It was expected that aspiration towards the site of the polar body (6 o'clock position) would result in more damage of structures important for fertilization, assuming that the nuclear material is located near the polar body (Sousa and Tesarik, 1994). This was not confirmed by the results of this study. On the contrary, the fertilization rate was higher when the aspiration was closer to the polar body. Perhaps deposition of the sperm cell closer to the meiotic spindle is responsible for this result. One study (Blake et al., 1996
) supports this in which the highest fertilization rate was found when the sperm cell was injected adjacent to the meiotic spindle. The success of the injections could depend on the rotation of ooplasm by a correctly positioned sperm centrosome (Edwards and Beard, 1997
). However, another study (Nagy et al., 1995
) did not find a difference between the 6 and the 12 o'clock positions in the number of 2PN oocytes but in the quality of the embryos.

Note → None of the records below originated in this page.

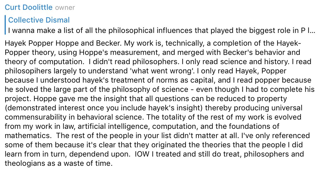 I read thinkers in nearly every field, simply because I address the problems of every field. That’s different from asking who influenced me. That list is quite small: Hayek, Popper, Becker, Hoppe, Quigley. The rest is the result of work in mathematics, computation, AI, and law. https://t.co/mRjsD0kFvh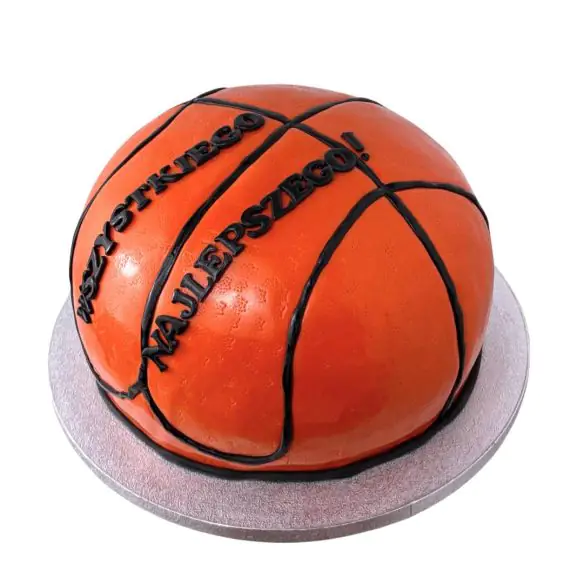 Tort w kształcie piłki do koszykówki to idealna propozycja dla miłośników sportu i koszykówki. Jego realistyczny wygląd i intensywnie pomarańczowy kolor sprawiają, że przyciąga wzrok i będzie świetną niespodzianką na urodziny czy inne sportowe okazje. Wykonany z dbałością o detale, ozdobiony napisami “Wszystkiego Najlepszego!”, ten tort nie tylko dobrze wygląda, ale też doskonale smakuje, będąc doskonałym wyborem na każdą imprezę.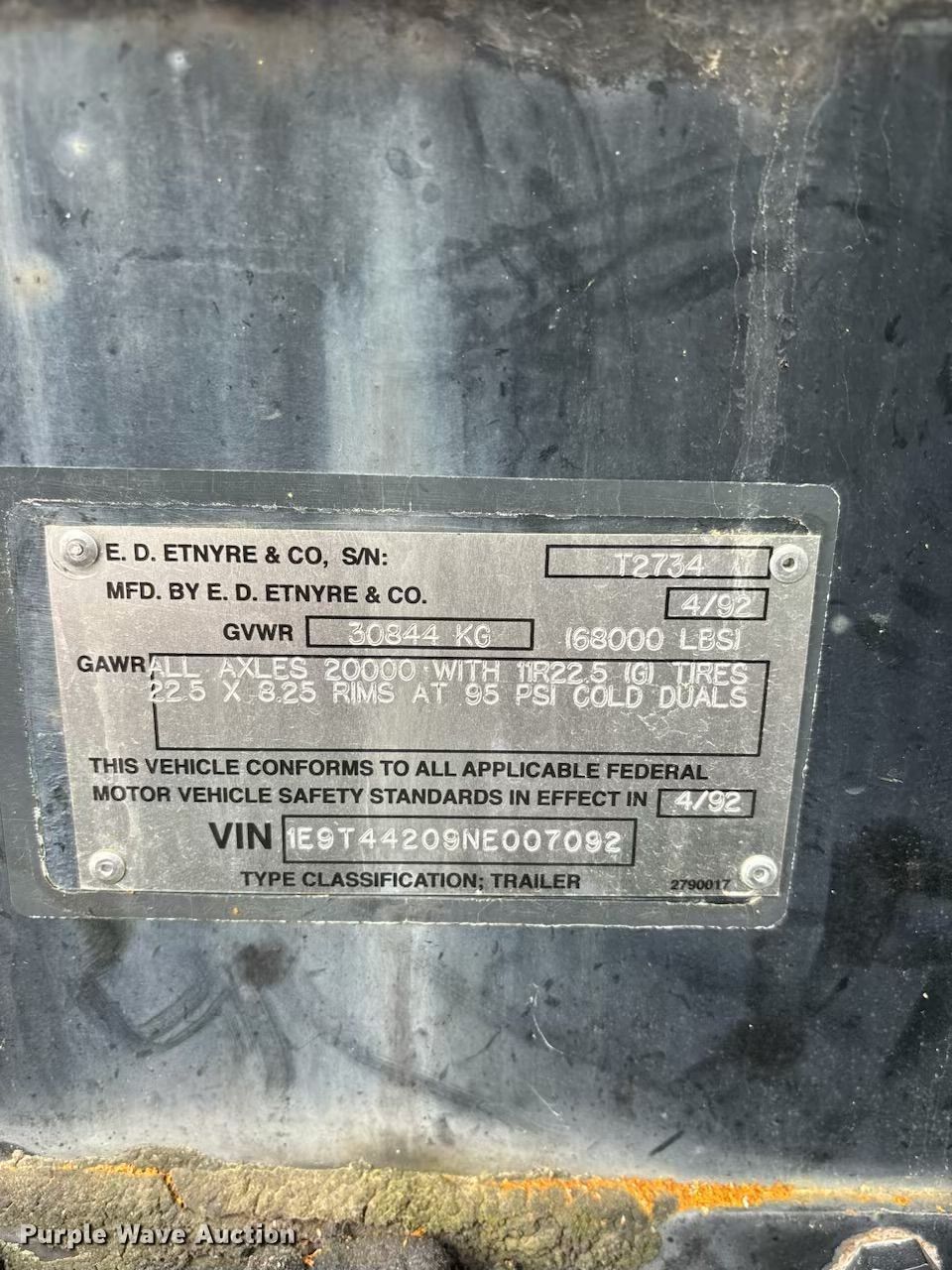 Purple Wave is selling a used Tank Trailer in Missouri. This item is a 1992 Etnyre LWR tank trailer with the following: VIN: 1E9T44209NE007092, Unit #: 208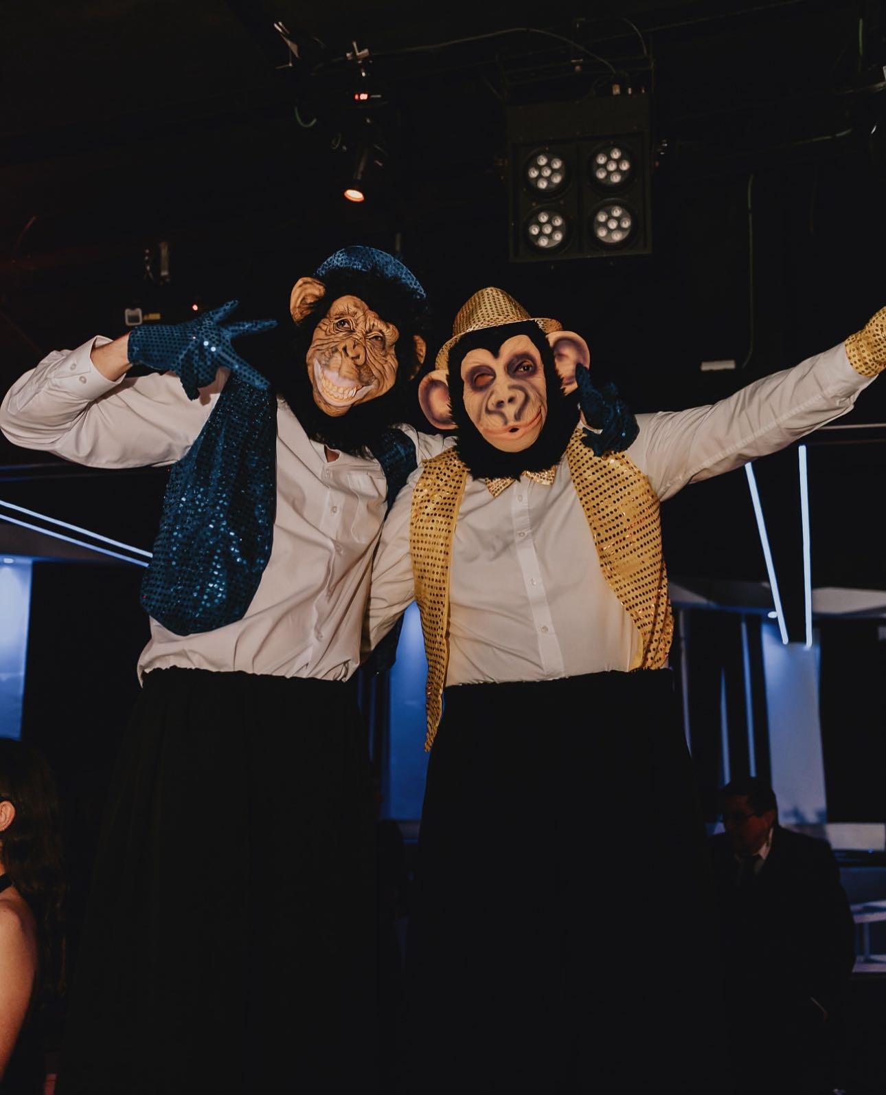 Energía pura y diversión asegurada. Este estilo es ideal para fiestas, ferias o eventos al aire libre, tanto de día como de noche. Los zancudos con trajes de monos animan al público, bailan y convierten el ambiente en una experiencia llena de risas y movimiento.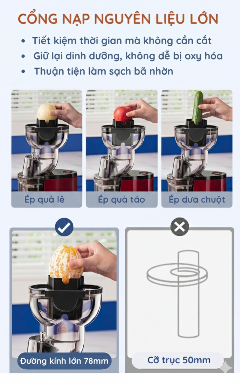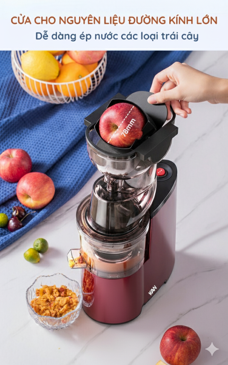 Máy ép chậm KAW có đường kính cửa nạp lên tới 78mm, giúp bạn có thể ép nguyên trái táo, lê hoặc dưa chuột mà không cần cắt nhỏ, tiết kiệm thời gian chế biến.

The percentage of multipronuclear ICSI oocytes in this study was 2.5%. This percentage is lower than that in our conventional IVF programme (7.9%). The difference in origin of those multipronuclear eggs might explain this observation. The multipronuclear oocytes in the ICSI procedure probably result from the incorporation of the second polar body (Palermo et al., 1996), while the majority of multipronuclear oocytes in the conventional IVF programme arise from dispermic fertilization. However, the position of the polar body did not affect the number of multipronuclear oocytes.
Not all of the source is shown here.